The ongoing deformations of Atatürk dam are being regularly and systematically monitored. The dam is instrumented with different types of sensors, which provide information about the internal state of the dam. The most reliable data of the dam deformations are, however, from geodetic measurements carried out twice a year at several sections of the dam. In this paper, a semi-empirical method for the interpretation of the geodetic deformation measurements of one particular dam section is presented and discussed. The main objectives are (i) to analyse the deformations that have occurred within the dam, and (ii) to predict the future displacements for monitoring the dam behaviour in the coming years. These objectives have been attained with the help of a two-dimensional finite-element model of the dam-foundation system.

The prediction of the future displacements of individual observation points could also be accomplished by means of a statistical or neural network model. However, such a non-physical model would not provide any physical insight into the deformation processes occurring in the dam. In contrast, a finite element model has the advantage that the mechanism of the deformation of the whole dam can be simulated based on measurements made at observation points located on its exterior surface.

It may be argued that it is not possible to know what has occurred inside a dam by measuring deformations at reference points located only on the accessible surface. The answer is simple: all geophysical methods that are used to describe the global structure and properties of the earth, and geophysical exploration methods are based on measurements on the earth’s surface. These methods have been most powerful in conjunction with models of the underground and are universally accepted. In the case of a dam, we are in a much better position because the interior structure and the basic properties of the different zones are known. Thus, it is possible not only to set up a model with geometrically correct material zones but also to establish the best estimates of the material properties by fitting the calculated deformations with the measurements made at the dam surface, while taking into account the values determined by laboratory and field tests. For Atatürk dam, a relatively simple finite element model could be created and calibrated to achieve an excellent fit with the measured deformations.

The concept described above differs from a ‘blind’ prediction of dam behaviour made on the basis of the material properties from laboratory tests, although this cannot be avoided in analyses performed at the design stage. The quality of such a prediction can vary widely, especially in the case of embankment dams. For instance, in the icold Benchmark Workshops, predictions made by different analysts of a benchmark problem tend to show a large scatter, even when they use identical basic geometry data, material properties and applied actions. The inverse analysis discussed in this paper is a rational way to overcome the problem of a pure ‘design’ model of a dam and its foundation. The material properties obtained from an inverse analysis must, however, be checked and compared with laboratory data, which exist for most large dams. Processes that cannot be explained by data available from standard laboratory tests may have to be investigated further with the objective of understanding the underlying physical processes.

*Dam features *

The Atatürk dam is a zoned rockfill dam with a central core and is located on the Euphrates river (figure 1).
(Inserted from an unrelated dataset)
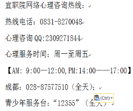 (1)电话热线、网络QQ咨询,校园个别辅导、医院专科门诊(宜宾市第二人民医院总院睡眠心理门诊、心理咨询门诊,南区心理治疗 心理咨询,临港院区睡眠心理科、心理咨询和治疗门诊;第四人民医院精神障碍门诊、睡眠情绪门诊、医学心理咨询与治疗门诊。)

The main features of the dam are as follows: Dam height – 170m; Crest length – 1670m; Crest level – 549m; Maximum base width – approx. 900m; Dam volume – 84 x 10^{6}m^{3; }Reservoir volume – 48km^{3; }Installed capacity – 2400MW; Annual energy generation – 8100GWh.

The construction of the cofferdam lasted from 1985 to 1987. The fill work for the main dam began in 1987 and was completed in 1990. The reservoir level reached 535m asl in March 1994 and has varied between 526m and 537m asl since then. The maximum and minimum operation reservoir levels are 542m and 526m asl respectively.

**Observations on deformations during and after construction **

The main observations on the dam deformations during and after the construction are as follows:

•It is estimated that the central portion of the dam crest has settled by around 7m since the end of the construction in 1990. Since the start of the detailed geodetic monitoring of the dam crest in autumn 1992, crest settlements of up to 4.3m have been measured. The settlements are, however, very small near the downstream edge of the crest, roughly beyond the interface between the core and the downstream filter.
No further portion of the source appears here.